» Stored items

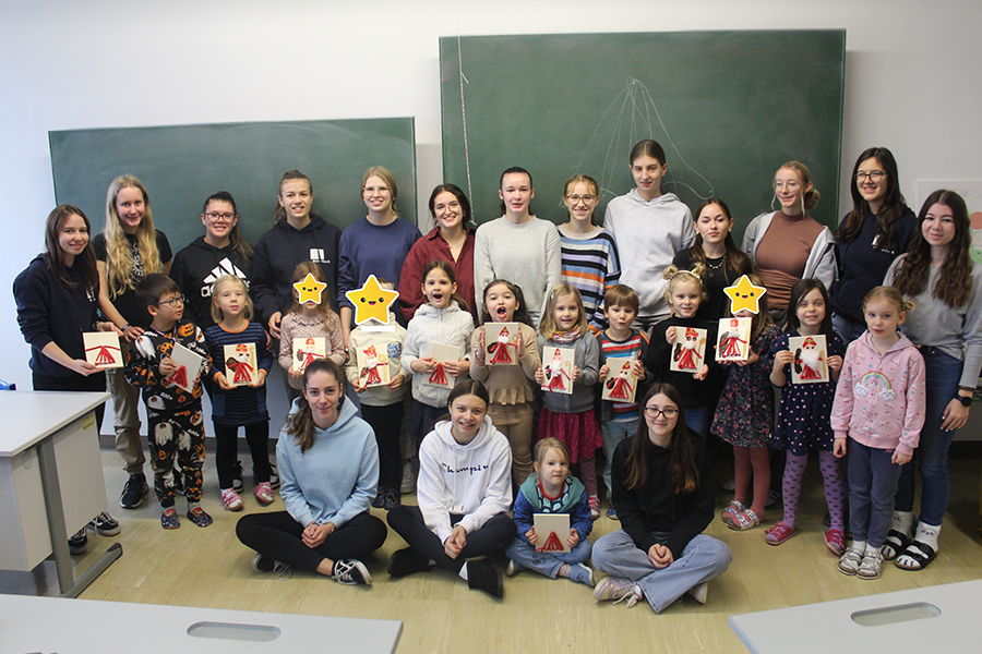 Sichtlich stolz präsentierten die Kinder ihre fertigen Nikolausbilder.
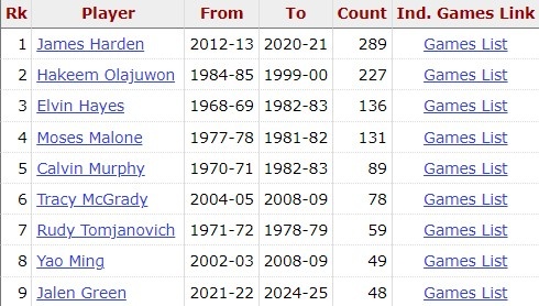 據(jù)統(tǒng)計(jì),這是杰倫-格林生涯第49場比賽30+,追平姚明,并列火箭隊(duì)史第8位。
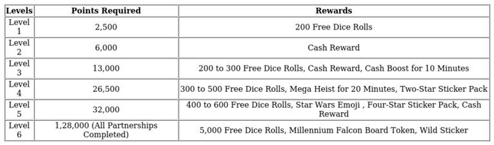 The Hyperspace Partners event itself offers a variety of attractive prizes. Successfully completing the event rewards players with a Millennium Falcon token, a wild sticker, and 5,000 dice, providing ample incentives to participate and aim for the top rewards.
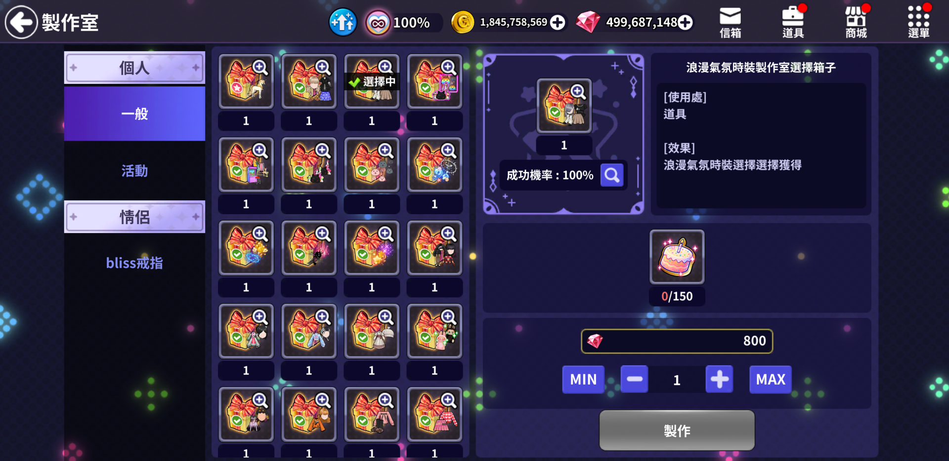 1 | (NEW) 로맨틱 무드 코스튬 선택 박스 | 1 | 150 | 800 | 100% | 0% | 0% | |
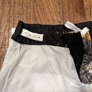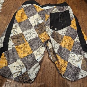 Board shorts, black and yellow Size Large Size 12/14 youth. Front Tie waist with adjustable elastic. Fully lined. Washed never worn. High quality
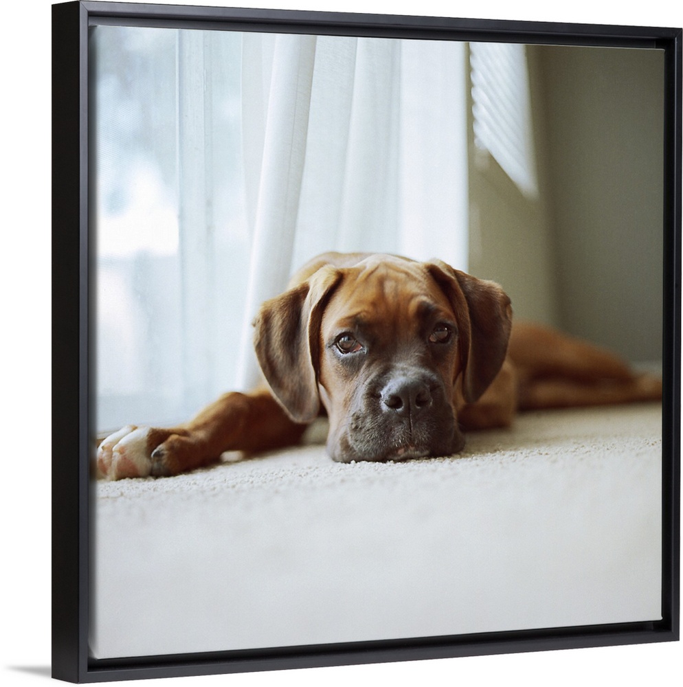 <p>Tan boxer puppy laying on carpet near window looking at camera with white curtains and gray walls.</p>
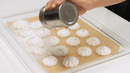 Pipe the marshmallow onto parchment. Leave the marshmallow for at least 5 hours, preferably overnight.
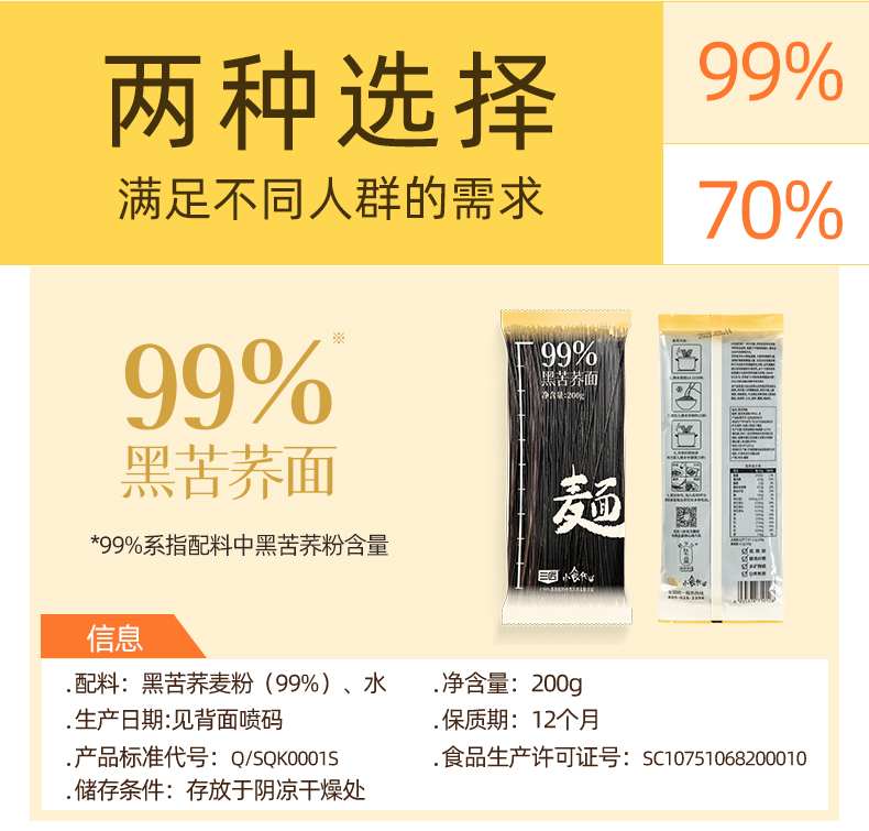 商品名称:三匠小时代99%黑苦荞面200*3袋

» WORK INSTRUCTIONS
Please print the records above once more, word for word, omitting all pictures.

» ANSWER TO THE EXERCISE
 Sichtlich stolz präsentierten die Kinder ihre fertigen Nikolausbilder.
 據(jù)統(tǒng)計(jì),這是杰倫-格林生涯第49場比賽30+,追平姚明,并列火箭隊(duì)史第8位。
 The Hyperspace Partners event itself offers a variety of attractive prizes. Successfully completing the event rewards players with a Millennium Falcon token, a wild sticker, and 5,000 dice, providing ample incentives to participate and aim for the top rewards.
 1 | (NEW) 로맨틱 무드 코스튬 선택 박스 | 1 | 150 | 800 | 100% | 0% | 0% | |
 Board shorts, black and yellow Size Large Size 12/14 youth. Front Tie waist with adjustable elastic. Fully lined. Washed never worn. High quality
 <p>Tan boxer puppy laying on carpet near window looking at camera with white curtains and gray walls.</p>
 Pipe the marshmallow onto parchment. Leave the marshmallow for at least 5 hours, preferably overnight.
 商品名称:三匠小时代99%黑苦荞面200*3袋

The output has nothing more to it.